Poszłam do koleżanki na obiad! Zgubiłam czas przerwy i poszłam głodna. Nie wiem teraz, jak rozmawiać z tą panią

Weronika zatrudniła się u nas na zastępstwo za Natalię na urlopie macierzyńskim, i staliśmy się mocnymi przyjaciółkami. No i z Justyną też się jakoś zaprzyjaźniłyśmy, w końcu nic nie miałyśmy do podziału.

Na początku wspierałam ją, pomogłam jej zaaklimatyzować się w zespole, a Weronika odpłaciła mi tym samym. W pracy wzajemnie sobie pomagaliśmy i mogliśmy się wygadać. Chodziłyśmy razem na obiad, zajmując dla siebie miejsce. W naszej firmie jest mała stołówka, ale polityka firmy dobrze odnosiła się do tych, którzy przynosili obiad z domu, jedli zdrowo.

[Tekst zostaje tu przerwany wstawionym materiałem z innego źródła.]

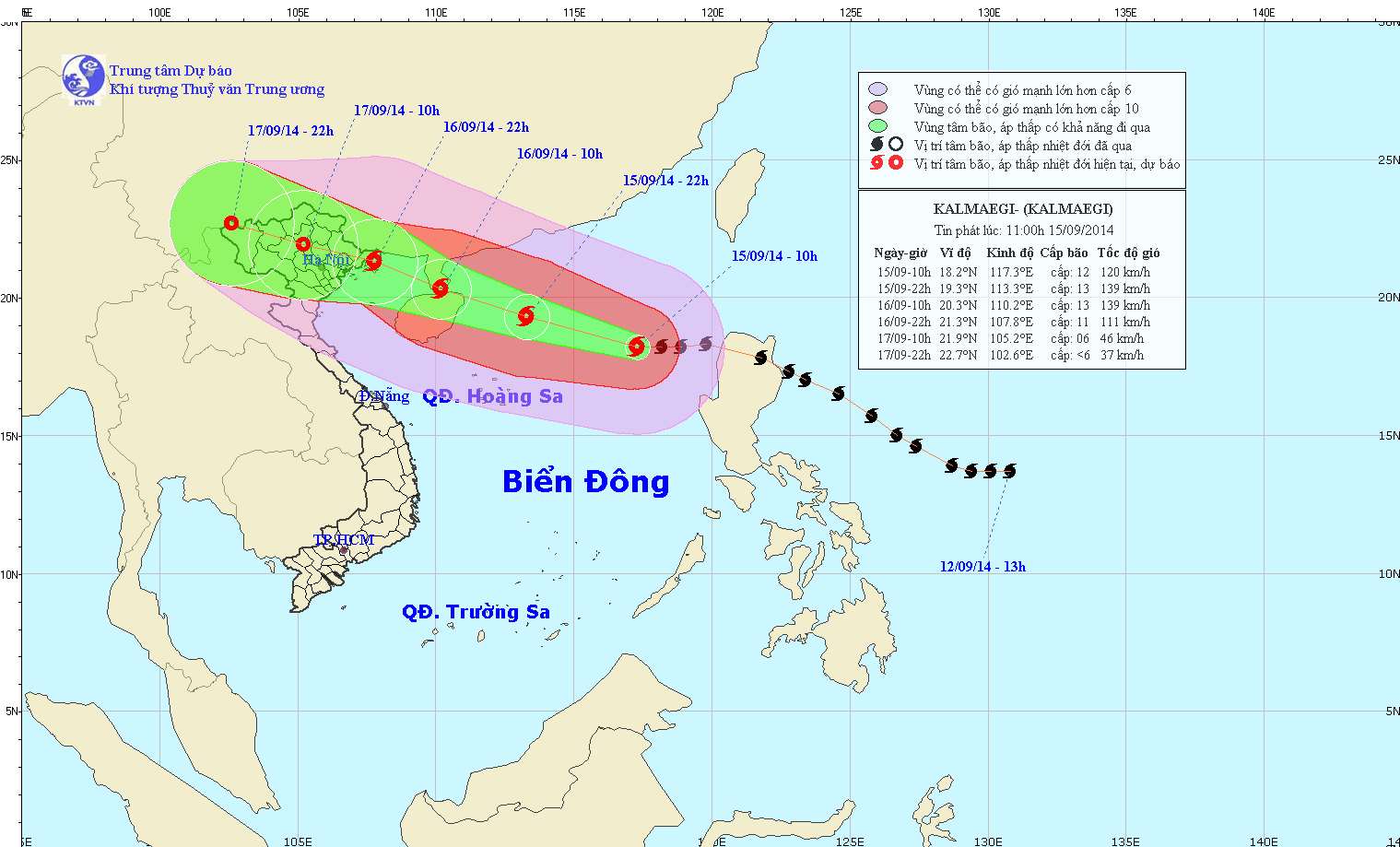 Khu vực nguy hiểm trong 24 giờ tới được xác định là vùng biển phía Bắc Vĩ tuyến 16, phía Đông Kinh tuyến 112. Sau đó vùng nguy hiểm là vùng biển Bắc Vĩ tuyến 17, bao gồm cả vịnh Bắc Bộ.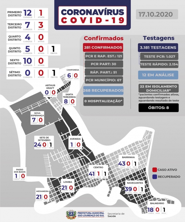 São Lourenço do Sul não registra novos casos de COVID-19 neste sábado (17).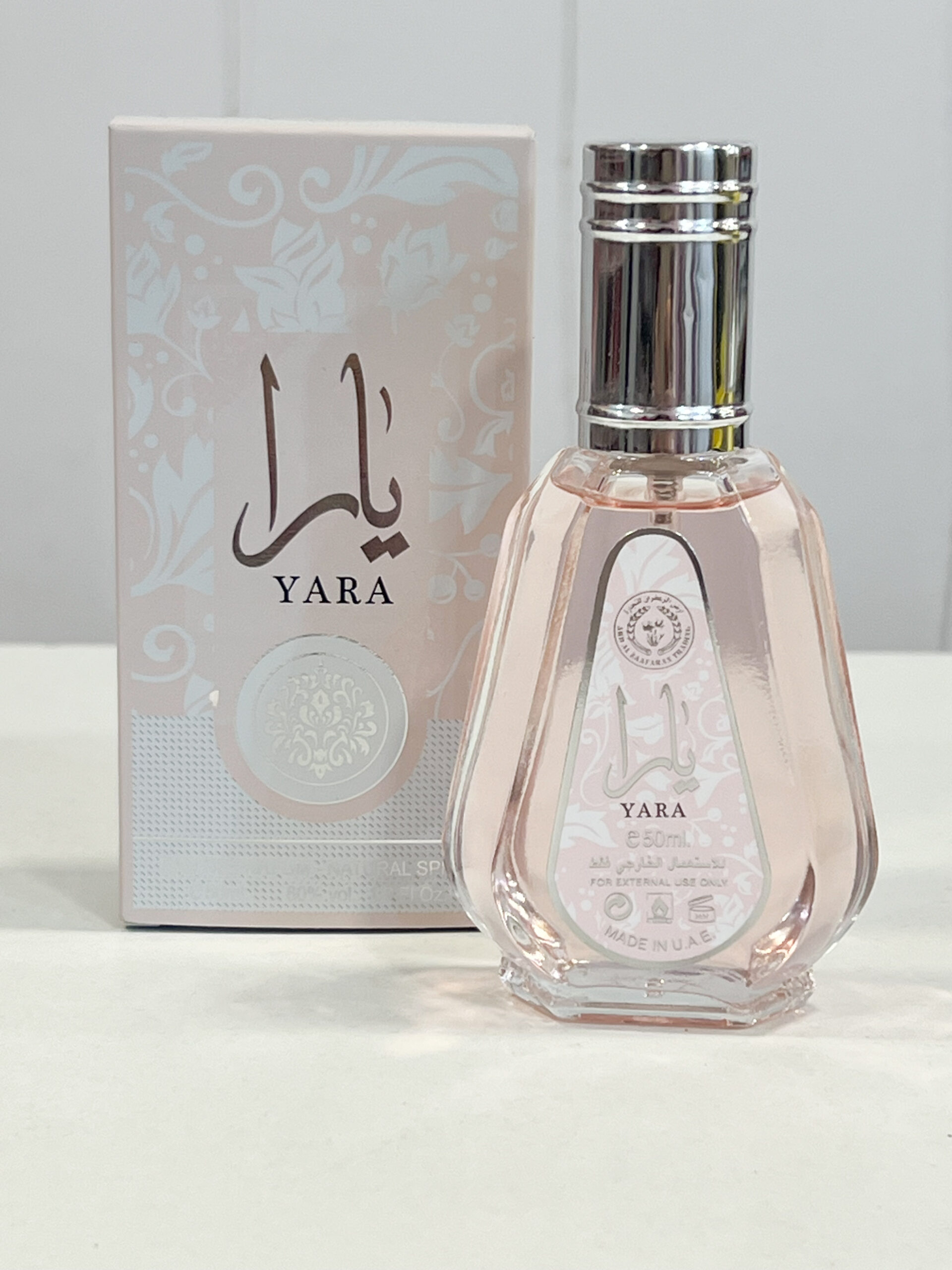 Lattafa, marca de perfumes líder de Dubái. Versión en tamaño mini de 50 ml de la fragancia Yara de Lattafa, lo que lo hace ideal para llevar en tu bolso. El eau de parfum para mujer Lattafa Yara es la materialización del lujo y la exclusividad. Fragancia oriental, floral y gourmand.

W tym dniu nie przyniosłam nic ze sobą, a nie miałam ochoty na bułki z bufetu, marzyłam o gorącej zupce. Nawet pomyślałam, żeby pobiec do najbliższej kawiarni. A tu Weronika zaraz do domu pójdzie, ona tu w tym samym budynku mieszka.

  • Wczoraj ugotowałyśmy zupę, taka pyszna, z kurczaka wiejskiego! Chodź, starczy dla ciebie też!

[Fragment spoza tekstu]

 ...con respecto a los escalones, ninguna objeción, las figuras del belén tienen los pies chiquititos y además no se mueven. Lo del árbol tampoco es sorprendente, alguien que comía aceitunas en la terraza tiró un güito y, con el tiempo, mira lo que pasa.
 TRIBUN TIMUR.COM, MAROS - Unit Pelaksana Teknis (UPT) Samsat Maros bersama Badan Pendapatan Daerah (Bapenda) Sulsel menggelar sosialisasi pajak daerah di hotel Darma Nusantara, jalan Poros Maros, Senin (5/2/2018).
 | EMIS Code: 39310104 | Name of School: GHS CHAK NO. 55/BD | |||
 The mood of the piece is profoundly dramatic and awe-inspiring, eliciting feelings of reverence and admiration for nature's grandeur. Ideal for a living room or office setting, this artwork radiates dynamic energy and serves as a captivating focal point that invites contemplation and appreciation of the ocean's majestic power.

Trochę się zmieszkałam, jeszcze nie byłam u koleżanki w domu. I od razu na zupę, nie lubię chodzić z pustymi rękami. No cóż, kupiłam słodycze dla jej dziecka, ciastko do herbaty, i poszłyśmy z Weroniką jeść zupę.

Na kuchni stały już talerze z niewypitym obiadem, wygląda na to, że rano nie zdążyli posprzątać. Ale po co stać w białym fartuchu, ja sama nie zawsze daję radę. Weronika postawiła garnek na rozgrzewanie, pachniało po prostu niesamowicie! Mój żołądek już skomleł z niecierpliwości, faktycznie, kurczak z wsi nie jest równy plastikowym, pozbawionym smaku brojlerom.

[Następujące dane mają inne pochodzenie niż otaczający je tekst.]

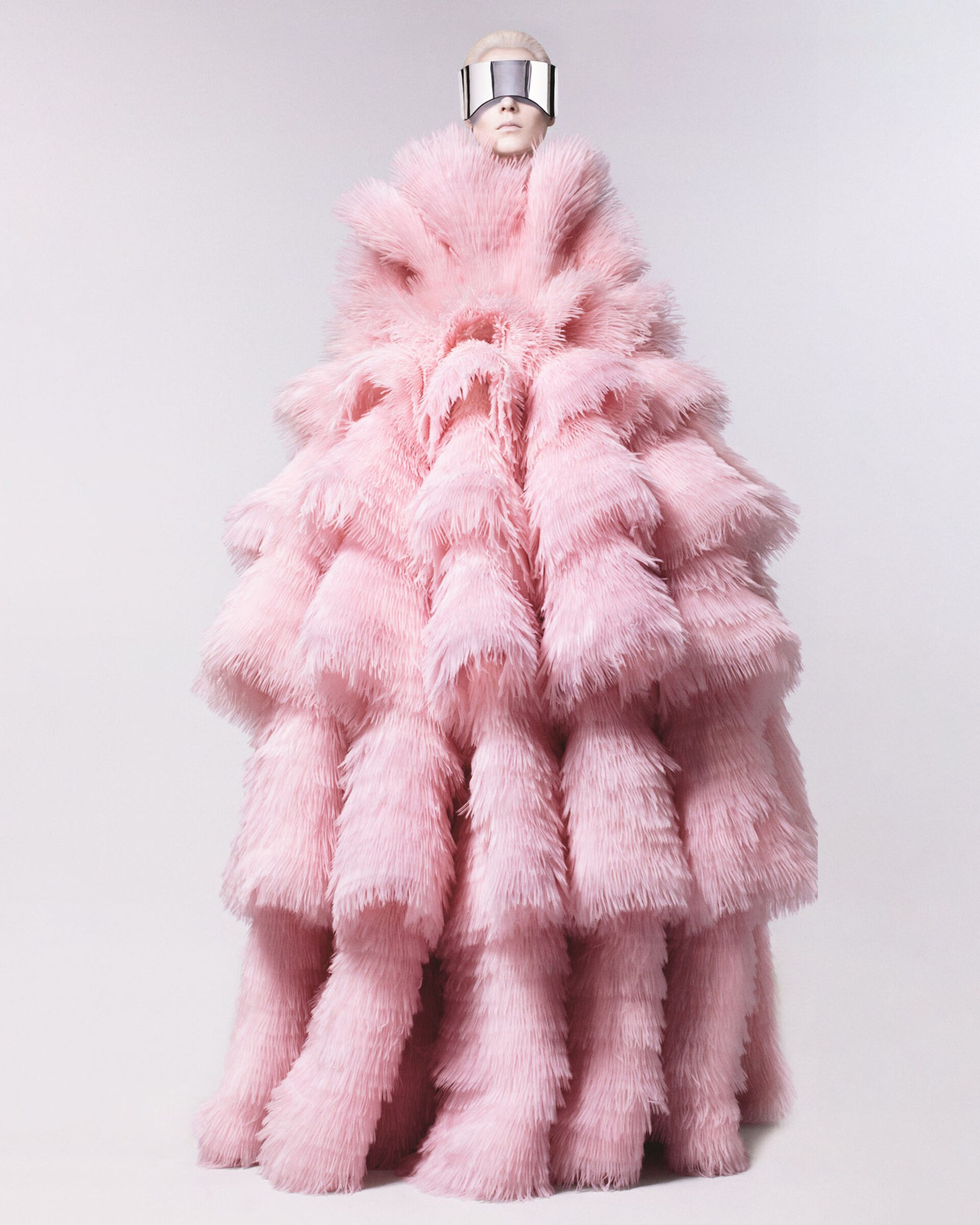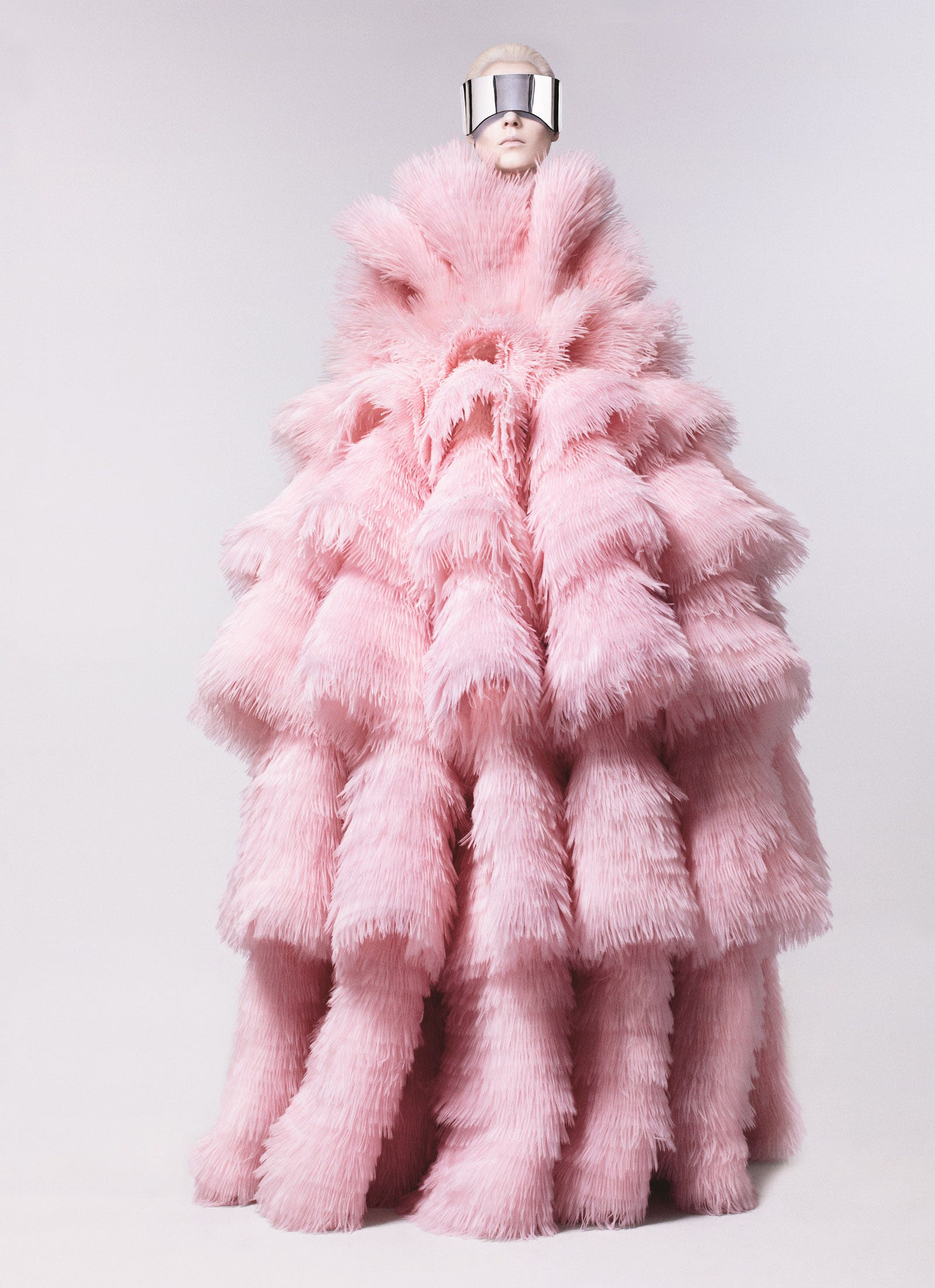 Kati Nescher wears a tiered pleated organza dress and mirrored visor by Alexander McQueen. Photographed by David Sims, Vogue, July 2012

Ale potem stało się coś dziwnego.

Zupa się zagotowała, zapachniała, zaraz przekipi. Koleżanka wyłączyła kuchenkę, wzięła talerz z niedopitą zupą ze stołu. Wlała tam jeszcze resztę z garnka i postawiła przede mną na stole.

Byłam tak zdumiona, że nawet nie zrozumiałam, czy ona poważnie czy żartuje? Żeby mi było żal wyrzucać jedzenie? Może to jest normalne u ludzi, a ja jedyna nie wiem?

Ostrożnie przesunęłam talerz, mówiąc, że apetyt mi przeszło. Boli mnie głowa, trzeba na powietrze.

Wybiegłam z domu w złym humorze, poszłam do kawiarni, jak planowałam. Teraz nie wiem, jak się komunikować z tą panią.